Es la habilidad para saber que la conducta de las personas está determinada por los estados emocionales y las ideas que cada cual se hace de la realidad. Es decir, tomar consciencia de que cuando se está con rabia se piensa de forma distinta que cuando se está con alegría. O, en otras palabras, la mentalización sería leer a través del comportamiento lo que está pasando en la mente del otro. Es pues una aptitud imprescindible para respetar al prójimo, entender su comportamiento y predecir como nuestro comportamiento puede afectar al de al lado. Promueve un apego seguro, es decir nos permite explorar mundo nuevo y regresar con la confianza de que el otro seguirá ahí para nosotros, y facilita la comunicación. Tener en nuestra mente el estado interno del otro favorece la construcción de una relación igualitaria.

Evaluación y valoración

Si queremos ser iguales debemos aprender a juzgar de forma justa y equilibrada la valía de la persona, sin dejarnos influir por los estereotipos de género. Lo dificultoso de esta habilidad es que, para poder ser desarrollada, requiere de contextos relacionales equitativos, algo escaso en nuestra sociedad, y que el hombre tenga una autoestima sana para que no se sienta amenazado por la entrada de la mujer en contextos donde hasta ahora no participaba.

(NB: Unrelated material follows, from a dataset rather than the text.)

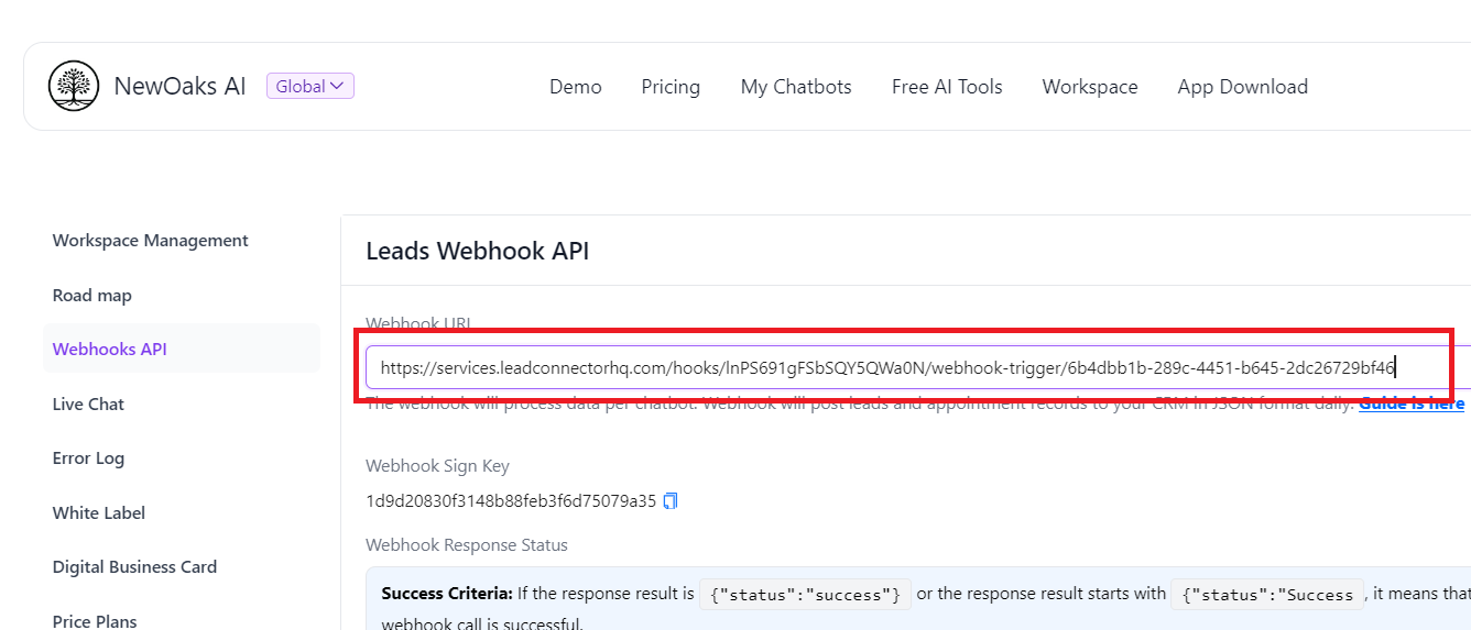 1. Paste Url that copied from GoHighLevel to “Webhook URL” textbox
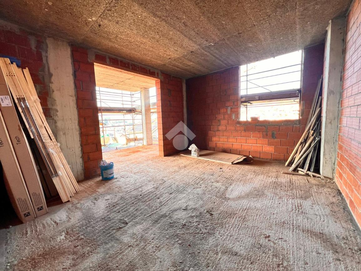APPARTAMENTO AL PIANO TERRA CON GIARDINO E ASCENSORE. CONSEGNA ENTRO 18 MESI DAL RILASCIO DEL PERMESSO DI COSTRUIRE. Il progetto prevede un appartamento circondato sui tre lati dal giardino privato di quasi 250 mq, balcone e taverna. La distribuzione interna degli spazi può essere personalizzata in base alle esigenze dell’acquirente, così come la scelta delle finiture per completare l'appartamento che sono inclusi nel prezzo. Possibilità di realizzare fino a tre camere da letto sul piano e doppi servizi igienici. Ogni alloggio sarà dotato di impianto fotovoltaico, riscaldamento autonomo con pompa di calore e sistema di Ventilazione Meccanica controllata puntuale (VMC) che permette di cambiare l’aria in maniera costante senza dispersione termica, per garantire comfort abitativo, aria salubre e un buon risparmio energetico. È possibile acquistare separatamente un box auto doppio al piano interrato al prezzo di € 28.000. Sulla nuova costruzione è inoltre prevista la detrazione fiscale del 50% sul costo di costruzione dell’autorimessa. L’edificio, privo di barriere architettoniche, è progettato per garantire il massimo comfort abitativo e un’elevata efficienza energetica. La struttura sarà realizzata con cappotto termico in Neopor da 14 cm, isolamento acustico ad alte prestazioni e serramenti con vetri basso emissivi, studiati per assicurare un eccellente isolamento termoacustico e una significativa riduzione dei copertura è previsto un avanzato sistema isolante con lana di vetro Superbac, microventilazione e barriera al vapore, soluzioni che contribuiscono a mantenere un clima interno confortevole in ogni stagione e a ottimizzare le prestazioni energetiche dell’edificio. Grazie all’utilizzo di materiali e impianti di ultima generazione, l’immobile raggiungerà la classe energetica A4, assicurando comfort interno, consumi ridotti e bassi costi di gestione, con un minore impatto ambientale. Il progetto è pensato per chi cerca una soluzione funzionale, efficiente e inserita in un contesto tranquillo e panoramico. Esclusivo vantaggio: le spese per la sottoscrizione del contratto preliminare innanzi al notaio saranno sostenute integralmente dall'agnezia immobiliare.

Desarrollo de una sexualidad saludable

En estos momentos la sexualidad en los adolescentes y jóvenes está mediatizada por la televisión, cine, publicidad… medios que en muchas ocasiones presentan a la mujer como un objeto sexualizado sobre el que el hombre tiene el poder. Para poder vivir en una sociedad igualitaria y que las noticias dejen de emitir sucesos tan horribles es primordial que comencemos a cambiar nuestra visión de la sexualidad y empecemos a disfrutar del propio cuerpo, a la par que participamos en relaciones sexuales con otras personas siempre desde el respeto.